Mass VMs Run


This page summarizes an effort which is made to improve the scalability of the process of running VMs.

We might need to start high number of VMs in about the same time in the following scenarios:

  1. Host that ran high numbers of HA VMs went down, so all those HA VMs should be auto started.

  2. The user asked to run high number of VMs, either by the UI or by scripts.

In case the environment contains few hosts, or in the extreme case one host which is capable to run all those VMs, the slowness of running high number of VMs in parallel is more noticable. As such kind of environments become more and more common, this issue becomes more serious.

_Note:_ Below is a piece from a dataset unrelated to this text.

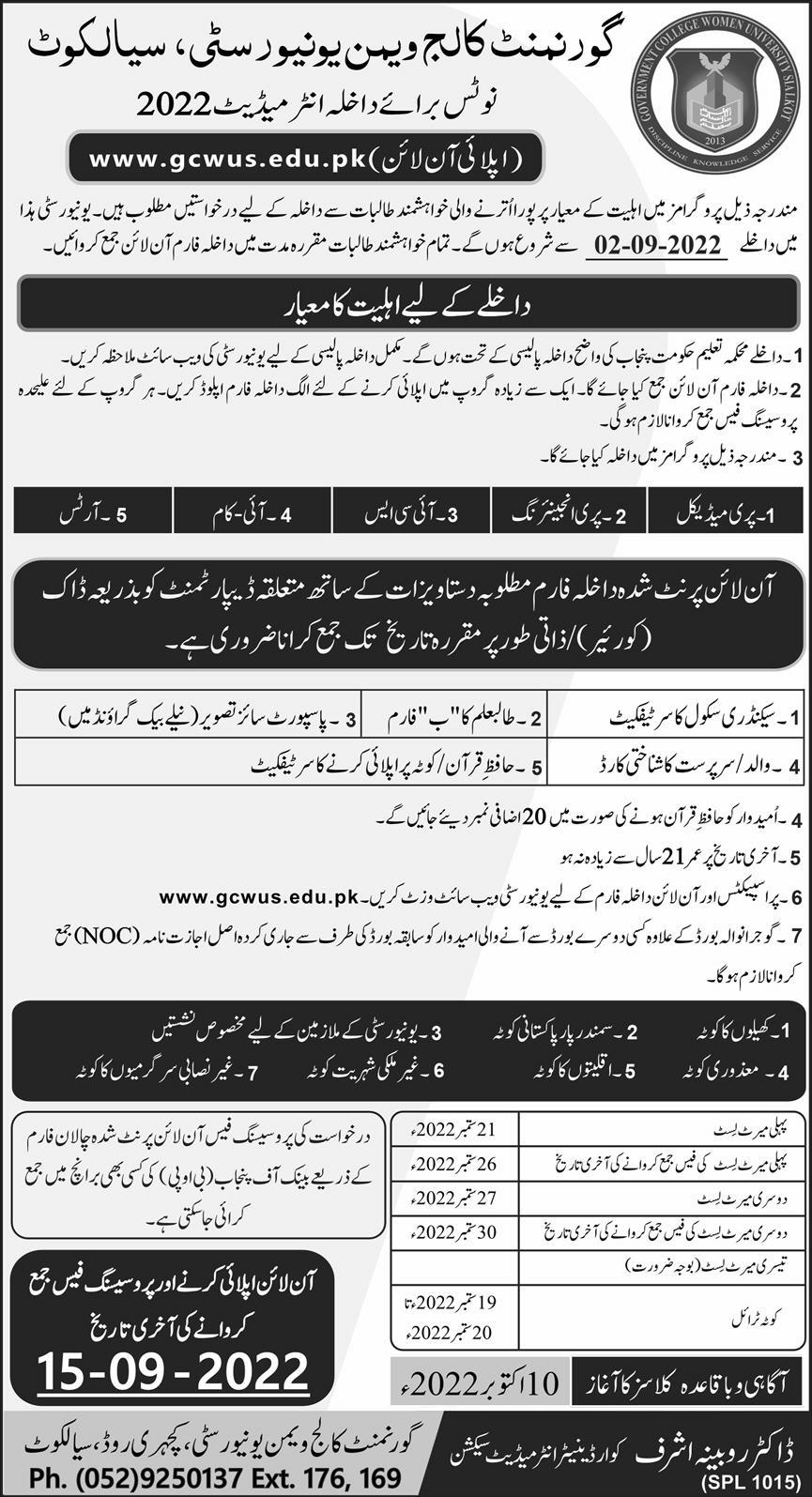 Government College Women University Sialkot GCWU Faculty of Science in Pre-Medical Pre-Engineering, ICS, I.Com, Arts. admissions 2022 has been announced. Students who want to take admissions in Government College Women University Sialkot GCWU Sialkot Punjab Pakistan for academic year 2022 to continue education in Teaching University can apply. Students who want to enroll for academic session 2022 in I.com, Intermediate and ICS qualification and admission criteria for Government institute can apply till last date 15 September 2022. Read newspaper ad for exact details.

We know about multiple processes in the system which can be more efficient, both in the engine and in VDSM, and we believe that together they will make a significant improvement on the process of running high number of VMs in parallel. As It is not feasible to do all of them at once, we’ll make them incrementally and monitor their effect.


Current status

  • Status: Design

Stage 1

Intoroducing a central place in the engine, VmsRunner, which will be responsible to run VMs. All the requests to run VM [1] (except reruns) will be made through this place.

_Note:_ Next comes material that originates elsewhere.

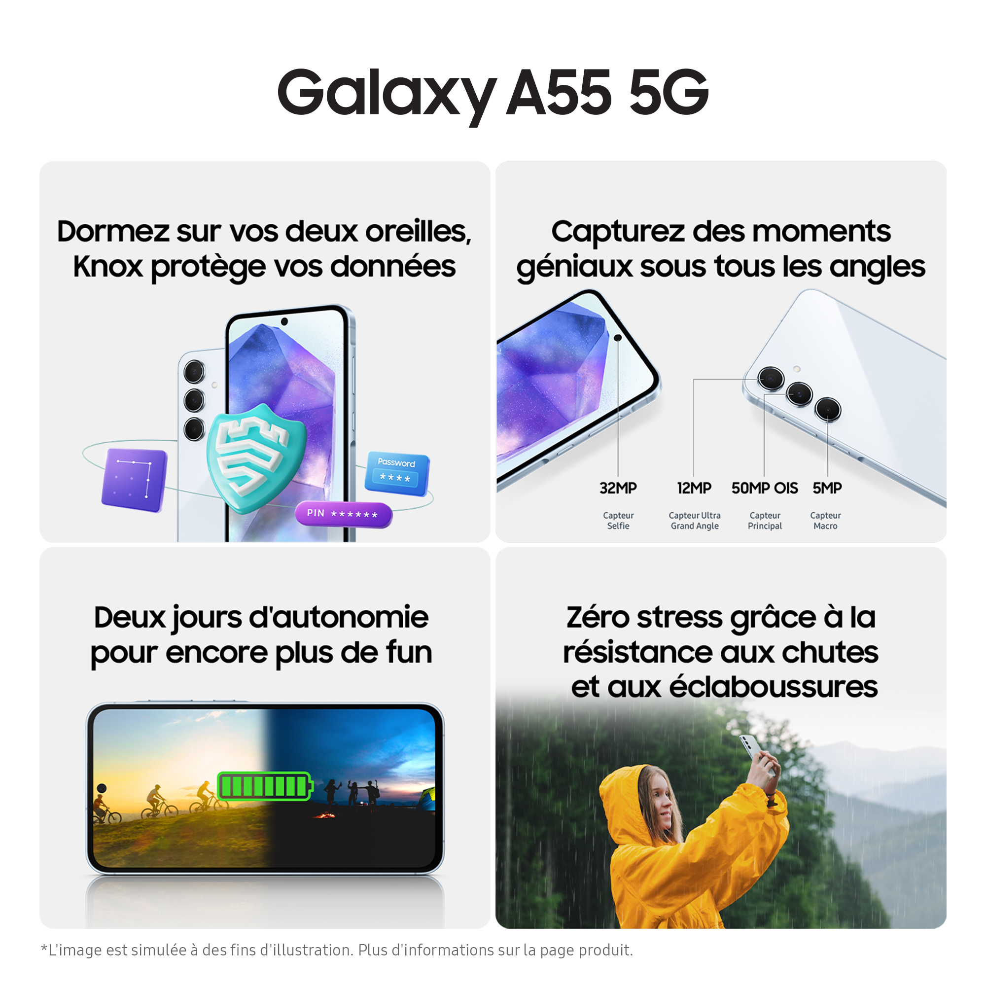 Découvrez le nouveau Samsung Galaxy A55 5G : le smartphone qui allie élégance, performance et polyvalence pour répondre à tous vos besoins. Arborant un design moderne et sophistiqué aux couleurs pop et tendances, le Galaxy A55 5G est le compagnon idéal pour ceux qui recherchent à la fois style et fonctionnalités. Son écran Super AMOLED de 6,6’’ en très haute définition (FHD+) vous offre une expérience visuelle immersive, vous permettant de profiter pleinement de vos contenus préférés. Capturez tous vos souvenirs avec précision grâce à son triple capteur photo et sa caméra selfie de 32 MP, garantissant des photos et vidéos nettes dans toutes les conditions, de jour comme de nuit. Stockez-les facilement avec le stockage de 128 ou 256 Go, extensible jusqu'à 1 To. Grâce à son processeur performant Exynos 1480 et à sa mémoire RAM généreuse de 8 Go, le Galaxy A55 5G vous assure une fluidité d'utilisation. Ne vous laissez pas arrêter par une batterie faible. Avec une batterie longue durée allant jusqu’à 2 jours et une charge rapide de 25W, ce smartphone est prêt à vous suivre partout, quel que soit votre rythme de vie. Que vous cherchiez à capturer des moments inoubliables, à rester productif en déplacement ou à vous divertir avec vos contenus préférés, le Samsung Galaxy A55 5G est le choix parfait pour vous accompagner dans toutes vos aventures avec style.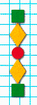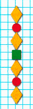Узор строится по следующему правилу: оранжевый ромб, красный круг, оранжевый ромб, зелёный квадрат. Узор заканчивается вторым оранжевым ромбом.

The benefits of having a central place which is reponsible for running VMs:

  • Run VM requests which came around the same time can be prioritiezed [2] [3]
  • VMs that should be run can be aggregated and then scheduled in a bulk
  • Run VM commands which are targeted to the same host can be grouped together and be sent in one message to vdsm
  • The history of VMs that were run on each host recently can be easily saved in memory and be accessed when inspecting further run requests

The VmsRunner will be a quartz job, similar to AutoStartVmsRunner which was recently introduced for running highly available VMs that went down unexpectedly: when request to run VM come, the VM will be added to internal data-structure in VmsRunner. When the VmsRunner job wake up, it will go over all the VMs in the internal data-structure and try to run them. The time interval for the job will be configurable. The api will provide a way to run the VM in regular/run once mode and as internal/external command.

There are two special cases: 1. In AttachUserToVmFromPoolAndRunCommand, instead of firing the run vm command right after the attaching the user, the VM will be placed in the VmsRunner. That means that we’ll need to ensure that if the run fails, 2. UI

Caching the RunVmCommands and sending them in a bulk to vdsm is expected to reduce the time spent on waiting for the synchronized call to the create verb in vdsm to end. A diagram that demonstrates the current flow:

As we can see, the engine call the ‘create’ verb, which in turn start vm creation thread in vdsm and only then the call ends and the engine continue to the next RunVmCommand that invokes the next ‘create’ verb. It should not be long time to end the synchronous call though (~2 sec in our tests), but when it comes to high number of calls it accumulated and thus noticable. Assuming the destination host is capable to run multiple VMs in parallel (it depends on its number of cores), we can reduce the overhead by combining the different calls to one call:

The expected benefits of such change are:

  • Reduce the time needed to set up connections between the engine and VDSM by reducing the number of connection establishments to one
  • Reduce the time needed to encode & decode the XMLs describing the VMs by encoding all the information at once
  • This design will make it possible to invoke the operation against each host in a different thread which should accelerate the process of running VMs on more than one host
  • This design is a step forward for being ready to call the scheduler for scheduling multiple VMs in a bulk

There’s a trade-off when it comes to declare for how long should we aggregate the run VM request: on the one hand, setting it to too short period mean that we may end up with too many calls to host as we had before. On the other hand, setting it to long period would mean that the VMs could maybe be run faster by sending them separately.

Stage 2

draft: thread per host draft: update hibernation volumes without VDS lock draft: don’t execute all can do actions for HA that is being run immediatly after it went down

Future changes

  • Change scheduler to schedule multiple VMs together instead of each one separately.
  • Improve the VM statistics mechanism to work in a bulk

[1] The places where run vm requests come from: 1. The monitoring (VdsUpdateRuntimeInfo) automatically starts highly available VMs that went down 2. The monitoring trigger rerun for failed migration/run commands 3. The prestarted VMs monitoring job 4. REST api 5. UI

[2] The priority of running VMs should probably be: 1. run highly available VMs that went down 2. rerun attempts 3. the prioritization made by RunVMActionRunner

[3] Currently we prioritize only bulk of run requests that comes from the UI (in RunVMActionRunner), prioritize them in the VmsRunner will be more general.